### What is required
Here is the task for the listing below: output exactly the lines from the one containing "Cromatismo e consistenze" through the one containing "本研究通过系统的第一性原理计", and leave out the pictures.

··· Entries provided

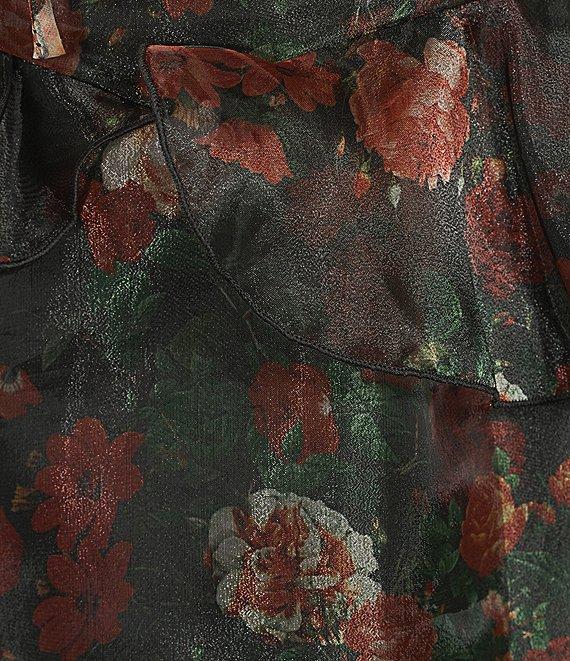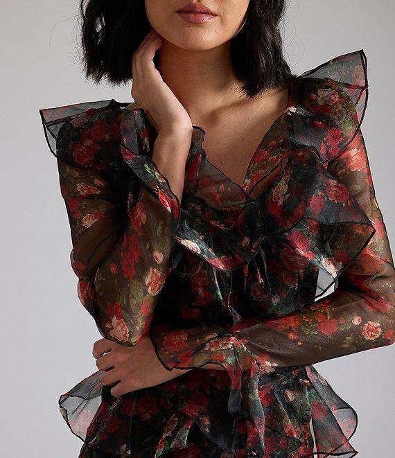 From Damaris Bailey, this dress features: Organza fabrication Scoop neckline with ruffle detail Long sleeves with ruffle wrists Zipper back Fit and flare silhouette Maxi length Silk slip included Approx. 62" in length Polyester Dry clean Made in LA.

······
··· Entries provided

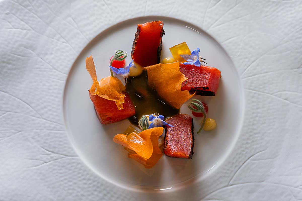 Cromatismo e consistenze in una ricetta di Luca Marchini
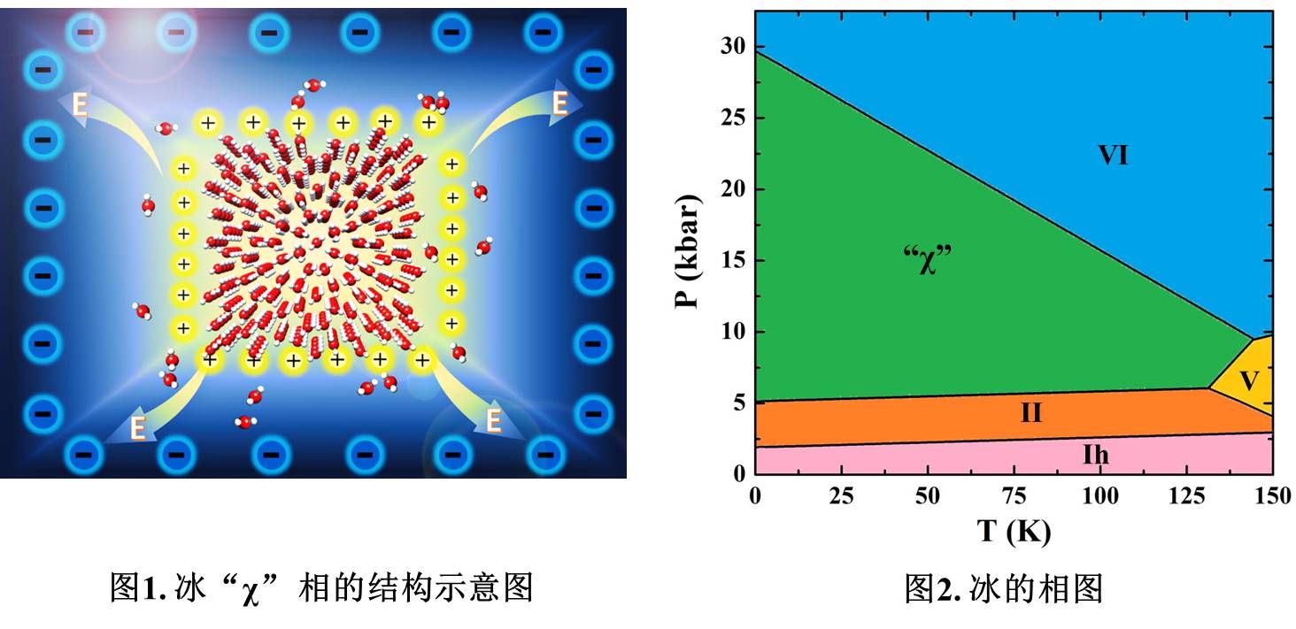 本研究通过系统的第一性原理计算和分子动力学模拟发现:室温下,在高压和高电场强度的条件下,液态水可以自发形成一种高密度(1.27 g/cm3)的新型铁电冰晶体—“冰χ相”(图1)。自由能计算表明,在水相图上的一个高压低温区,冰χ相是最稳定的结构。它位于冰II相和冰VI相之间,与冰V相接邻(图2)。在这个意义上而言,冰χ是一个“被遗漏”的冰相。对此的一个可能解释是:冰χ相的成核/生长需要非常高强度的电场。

······
··· Entries provided

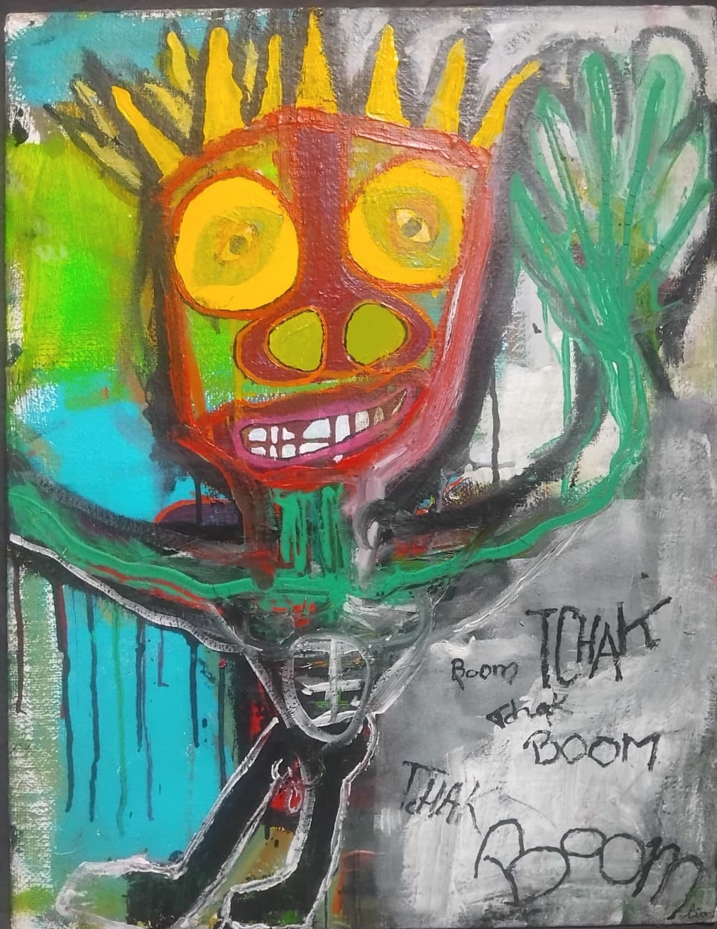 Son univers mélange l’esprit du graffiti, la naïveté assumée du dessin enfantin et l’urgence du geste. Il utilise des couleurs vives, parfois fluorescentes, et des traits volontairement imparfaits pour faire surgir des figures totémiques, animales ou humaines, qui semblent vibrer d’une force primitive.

······

### Solution for this exercise
 Cromatismo e consistenze in una ricetta di Luca Marchini
 本研究通过系统的第一性原理计算和分子动力学模拟发现:室温下,在高压和高电场强度的条件下,液态水可以自发形成一种高密度(1.27 g/cm3)的新型铁电冰晶体—“冰χ相”(图1)。自由能计算表明,在水相图上的一个高压低温区,冰χ相是最稳定的结构。它位于冰II相和冰VI相之间,与冰V相接邻(图2)。在这个意义上而言,冰χ是一个“被遗漏”的冰相。对此的一个可能解释是:冰χ相的成核/生长需要非常高强度的电场。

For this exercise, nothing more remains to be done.